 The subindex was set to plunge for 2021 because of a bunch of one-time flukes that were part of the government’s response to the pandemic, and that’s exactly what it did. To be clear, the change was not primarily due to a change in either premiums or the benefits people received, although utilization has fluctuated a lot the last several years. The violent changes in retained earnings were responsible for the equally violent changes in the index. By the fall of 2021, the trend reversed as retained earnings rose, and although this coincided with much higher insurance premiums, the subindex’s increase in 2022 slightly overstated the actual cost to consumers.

...

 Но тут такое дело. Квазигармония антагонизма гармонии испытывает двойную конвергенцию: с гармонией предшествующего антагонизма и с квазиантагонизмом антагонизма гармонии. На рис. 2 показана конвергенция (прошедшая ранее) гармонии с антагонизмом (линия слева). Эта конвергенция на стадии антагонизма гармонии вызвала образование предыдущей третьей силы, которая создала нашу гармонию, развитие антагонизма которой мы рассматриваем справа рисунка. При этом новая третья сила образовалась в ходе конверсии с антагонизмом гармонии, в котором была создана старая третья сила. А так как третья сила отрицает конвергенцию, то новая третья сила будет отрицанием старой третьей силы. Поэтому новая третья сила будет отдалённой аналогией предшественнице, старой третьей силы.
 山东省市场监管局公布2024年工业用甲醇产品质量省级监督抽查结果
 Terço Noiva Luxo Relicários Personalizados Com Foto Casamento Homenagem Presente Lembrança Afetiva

* * *

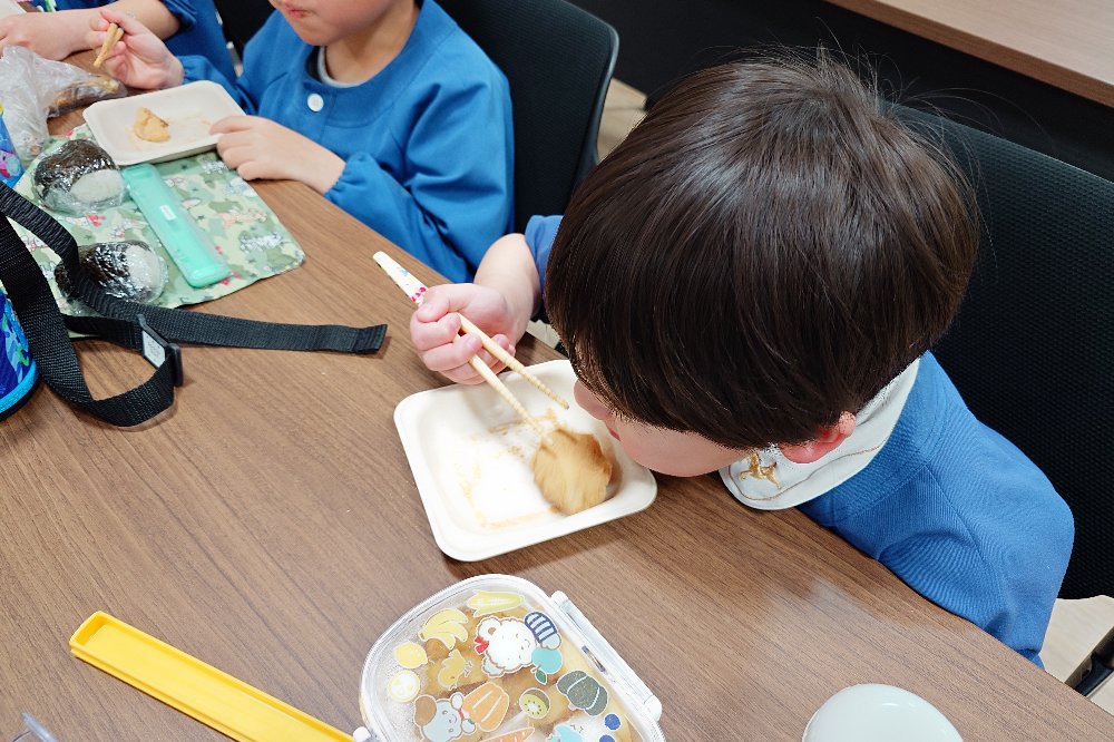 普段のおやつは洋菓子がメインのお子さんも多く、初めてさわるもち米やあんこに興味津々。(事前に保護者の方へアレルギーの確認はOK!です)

**EXERCISE PROMPT**
In the entries above, find the line with "Но тут такое" and the line with "Terço Noiva Luxo", then restate word for word both of them and every line between, with nothing more.

**SOLUTION TO THIS TASK**
 Но тут такое дело. Квазигармония антагонизма гармонии испытывает двойную конвергенцию: с гармонией предшествующего антагонизма и с квазиантагонизмом антагонизма гармонии. На рис. 2 показана конвергенция (прошедшая ранее) гармонии с антагонизмом (линия слева). Эта конвергенция на стадии антагонизма гармонии вызвала образование предыдущей третьей силы, которая создала нашу гармонию, развитие антагонизма которой мы рассматриваем справа рисунка. При этом новая третья сила образовалась в ходе конверсии с антагонизмом гармонии, в котором была создана старая третья сила. А так как третья сила отрицает конвергенцию, то новая третья сила будет отрицанием старой третьей силы. Поэтому новая третья сила будет отдалённой аналогией предшественнице, старой третьей силы.
 山东省市场监管局公布2024年工业用甲醇产品质量省级监督抽查结果
 Terço Noiva Luxo Relicários Personalizados Com Foto Casamento Homenagem Presente Lembrança Afetiva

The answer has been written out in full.